(Beginning of Supplied data)

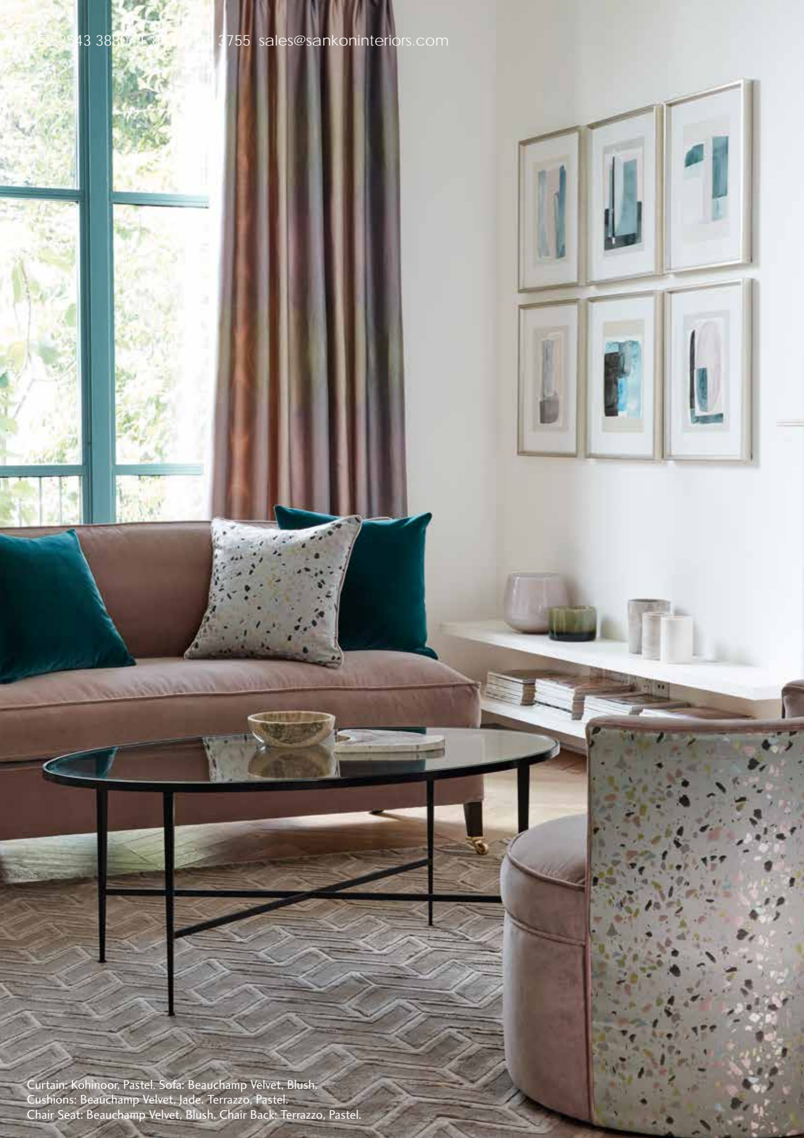
Curtain: Kohinoor, Pastel. Sofa: Beauchamp Velvet, Blush. Cushions: Beauchamp Velvet, Jade, Terrazzo, Pastel. Chair Seat: Beauchamp Velvet, Blush. Chair Back: Terrazzo, Pastel.
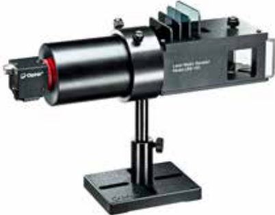
LBS-100 (SPZ17029) + LBS-100 combined with 4X beam reducer (SP90061+SPZ17017)
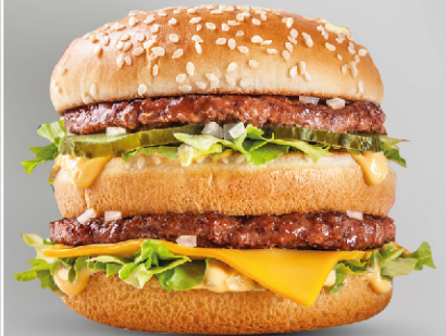
Beef Double Burger | AED 16
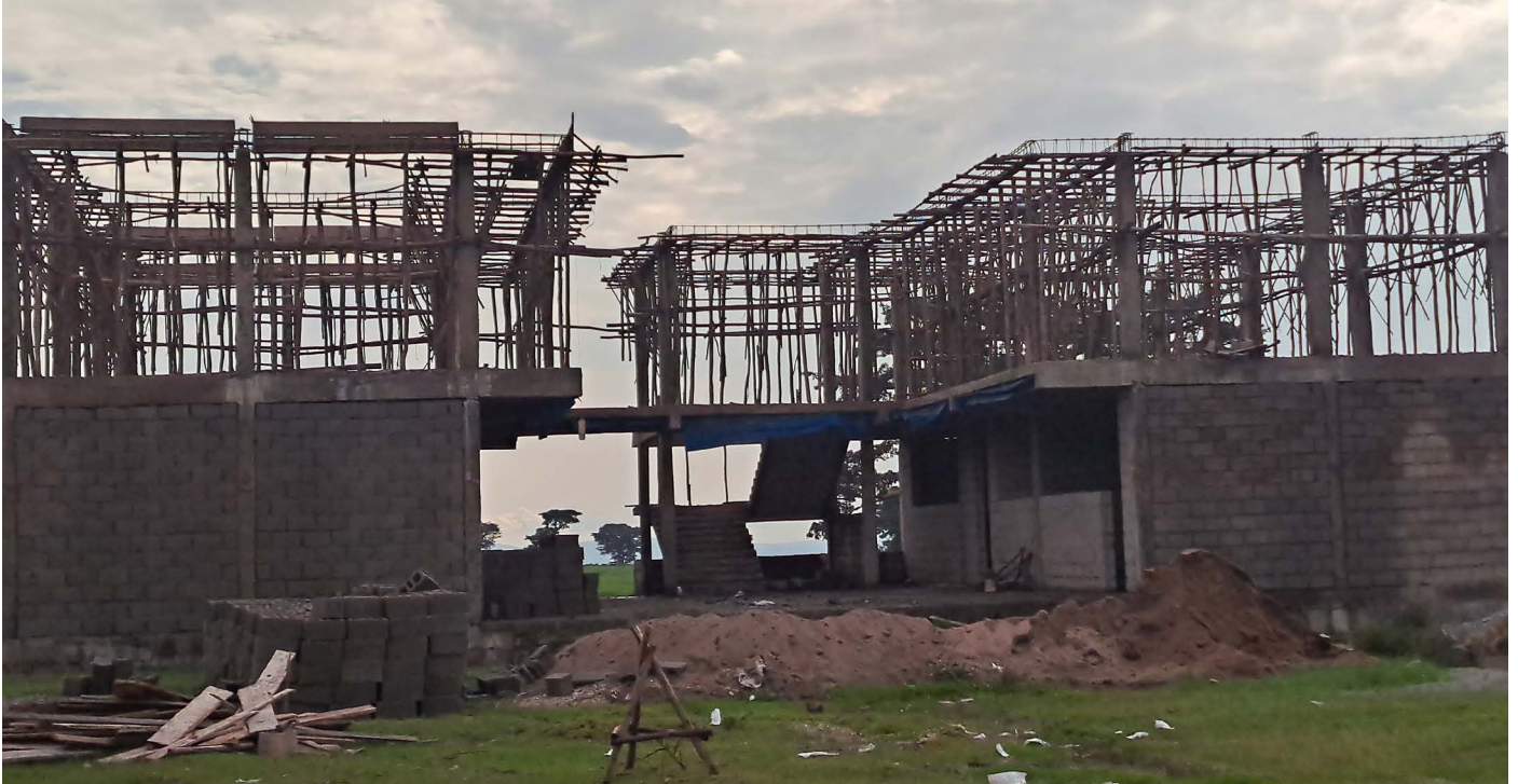
Part of TVET building under construction

The Technical and Vocational Education and Training (TVET) in Ethiopia is a popular program with the aim to create competent and self-reliant citizens who can contribute to the economic and social development of the community and further reduce poverty.
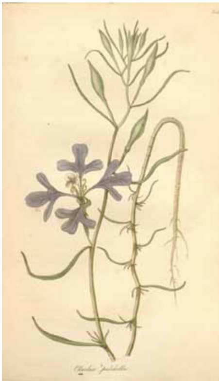
Clarkia pulchella , classified and named by Frederick Pursh. Illustration from Flora Americae Septentrionalis by Pursh.

Much later, other botanists glued the specimens to high-rag content
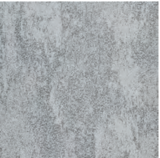
High Cliffs GLN180
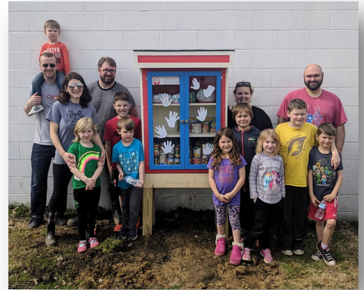
Blessing Box volunteers.

As soon as Ohio received the “Stay at Home” order, the leadership of the church began finding ways to prioritize our connections to our community and each other. Rather than beginning with a focus on the costs of ministry at LUMC, the decision was made to prioritize support for our Local Food Pantry, Bloom Crisis Fund, and a growing support for the Blessing Box program of the surrounding region (see related story). We also reached out to our Ministry Partners and were able to provide special gifts in support of the work at Henderson Settlement (Frakes, KY) and Good Works Ministries (Athens, Ohio).
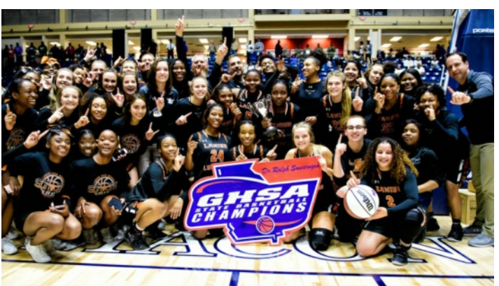
6A Girls: Lanier
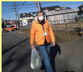
Taking out the garbage

The center started in 2010 to help people in the community with daily needs.
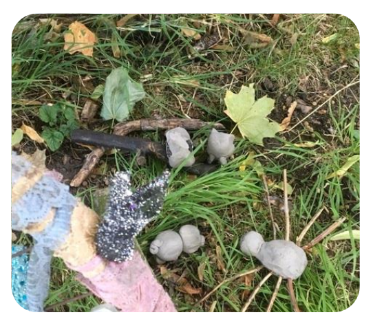
Outdoor learning training which took place at Merrydale Junior School in August 2017

Finished reading? Pass on to a colleague
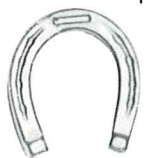
*167—3½" MINIATURE HORSESHOE

Items below not available in Terra Cotta * Except where noted
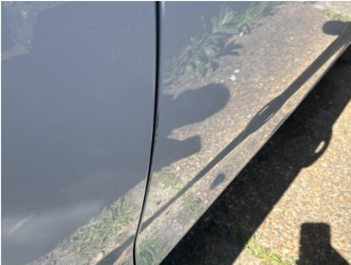
3: Door osf Chipped Edge Chip
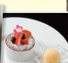
Sh LOBBY LOUNGE
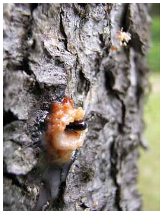
Figure 8. Dendroctonus ponderosae attacks a lodgepole pine. The tree defends itself with resin.

Contortabastborre angriper en contortatall. Trädet försvarar sig med kåda.
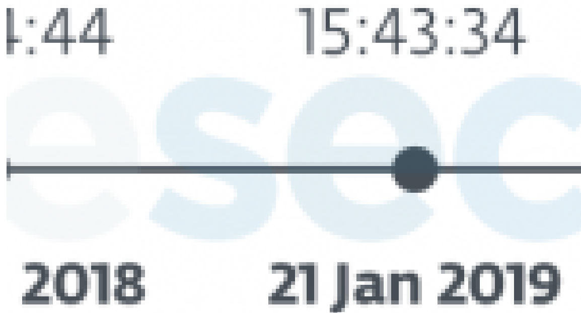
Figure 9. Timeline of known ModPipe variants and their timestamps.

We have found seven different versions of the loader executables, each having a different compilation timestamp, with the oldest one probably originating in December 2017 and the latest in June 2020. For the full timeline, see Figure 9. A list of all the loader hashes is included in the Indicators of Compromise section.
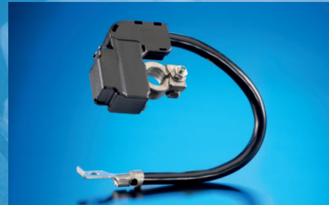
Intelligent Battery Sensor (IBS)
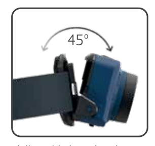
Adjustable lamp head

It has got its name "ZOOM" because the beam angle can be "zoomed" in and out according to the nature of the job to be done. Thus, the beam angle can be adjusted from 10^\circ providing a very long beam distance of 80 m to a much wider beam angle of 70^\circ providing a shorter beam distance of 30 m.
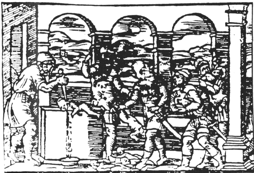
Fig. 5. The Pharaoh's Bath of Blood , woodcut from the Passover Haggadah, Mantua, Giacomo Rufinelli, 1560 (detail).
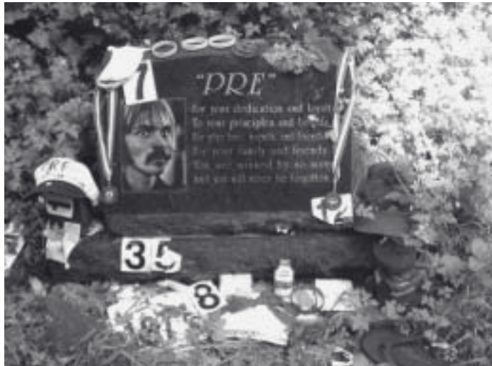
The memorial marker at Pre's Rock and various objects placed at the site, 2005.
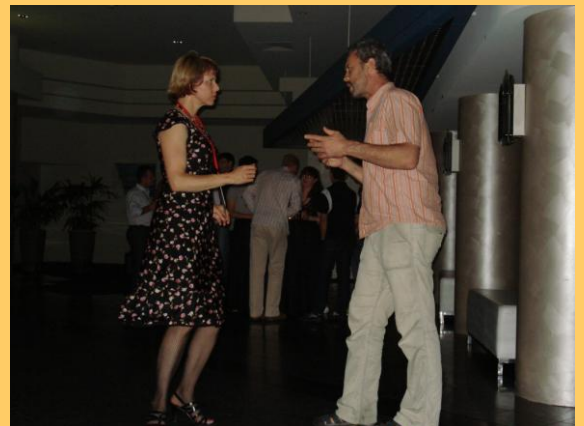
Uma Thurman and John Travolta lead the way on the dance floor
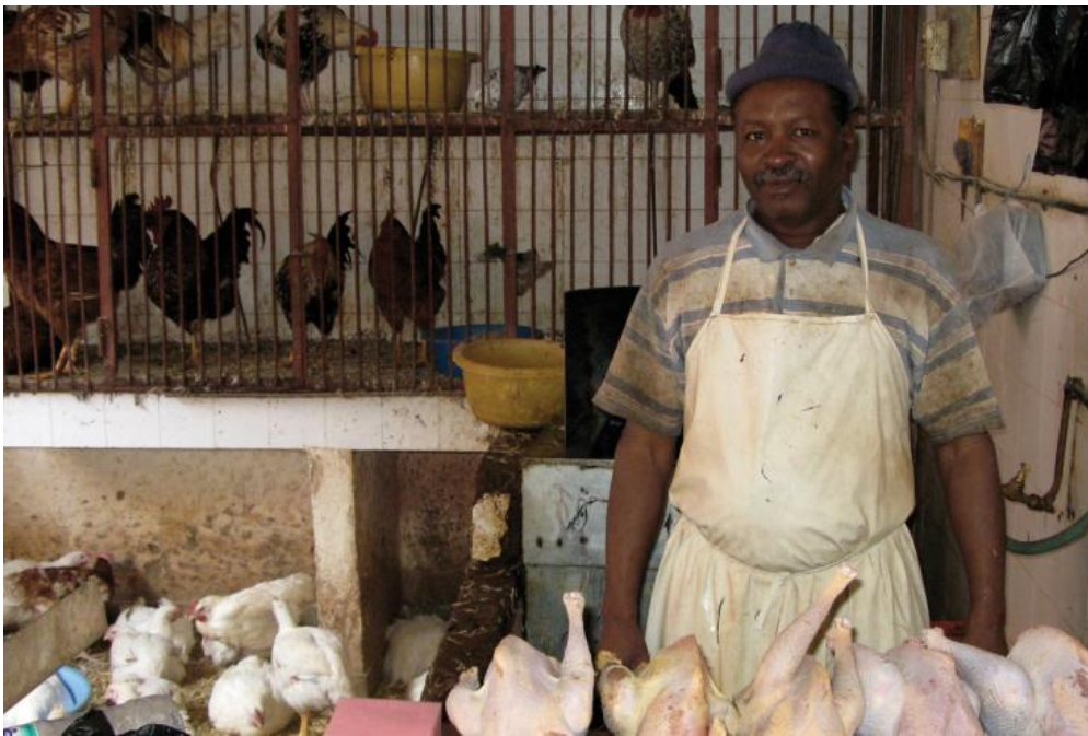
A poultry vendor in South Africa.

Demand for many of the microcredit products was modest. People often used funds for consumption rather than entrepreneurial investments, suggesting that there were high non-entrepreneurial returns to credit. Innovations to target high-potential entrepreneurs and offer more flexible lending products may lead to more high-return entrepreneurial investments.
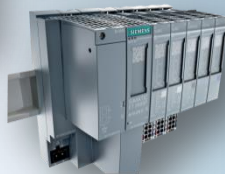
SIEMENS PLC ET 200SP IO
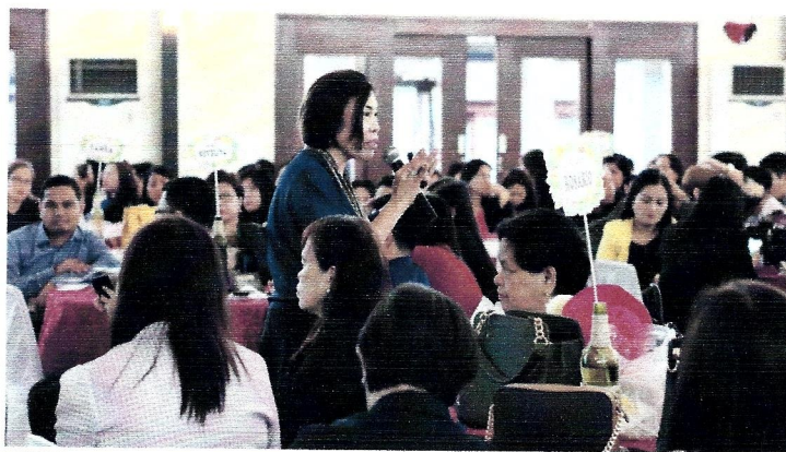
Aside from the launching of the Division's new tagline, DepEd Cavite recognized the outstanding and valuable contributions of school heads and retirees in the attainment of the Division's 2018 targets.

Likewise, she called on the participants to teach system thinking and 21st century skills such as information, media and technology skills, learning and innovation skills, life and career skills, and communication skills among learners across ages and levels.
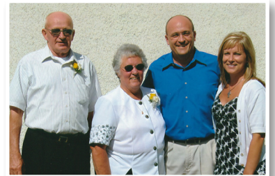
Tom's parents on their 50 th Anniversary
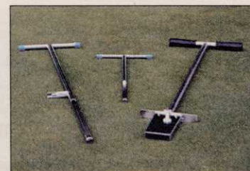
The full line of AMS turf testers.

Watch your mail for your registration form or call (401)848-0004 or visit us online at www.NERTF.org
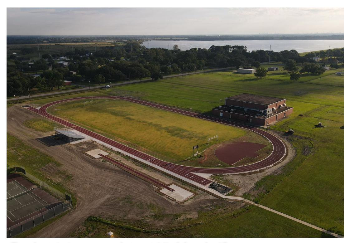
Track striping complete at Highlands JS
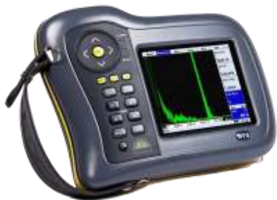
Sonatest D70 UT Set, an example of the equipment we calibrate.
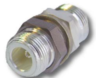
NF/50-NF/50 chassis AG

Corning Cabelcon ApS Industriparken 10 DK-4760 Vordingborg Phone +45 55 98 55 99 Fax +45 55 98 55 04 cabelcon@cabelcon.dk www.cabelcon.dk
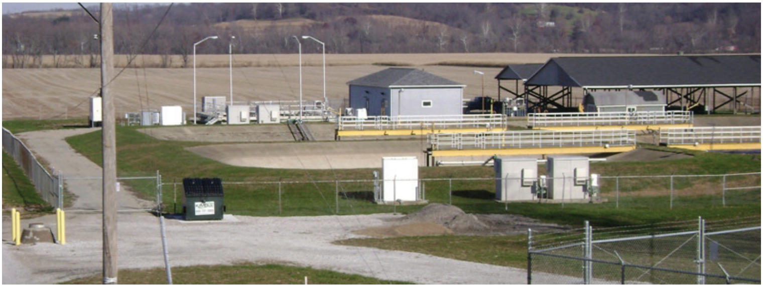
Village of West Lafayette Wastewater Treatment Plant Expansion

(End of Supplied data)

What this task involves
Copy out exactly, with no pictures, the lines of the data from the first one through the line bearing "Blessing Box volunteers.".

Answer space
Curtain: Kohinoor, Pastel. Sofa: Beauchamp Velvet, Blush. Cushions: Beauchamp Velvet, Jade, Terrazzo, Pastel. Chair Seat: Beauchamp Velvet, Blush. Chair Back: Terrazzo, Pastel.
LBS-100 (SPZ17029) + LBS-100 combined with 4X beam reducer (SP90061+SPZ17017)
Beef Double Burger | AED 16
Part of TVET building under construction

The Technical and Vocational Education and Training (TVET) in Ethiopia is a popular program with the aim to create competent and self-reliant citizens who can contribute to the economic and social development of the community and further reduce poverty.
Clarkia pulchella , classified and named by Frederick Pursh. Illustration from Flora Americae Septentrionalis by Pursh.

Much later, other botanists glued the specimens to high-rag content
High Cliffs GLN180
Blessing Box volunteers.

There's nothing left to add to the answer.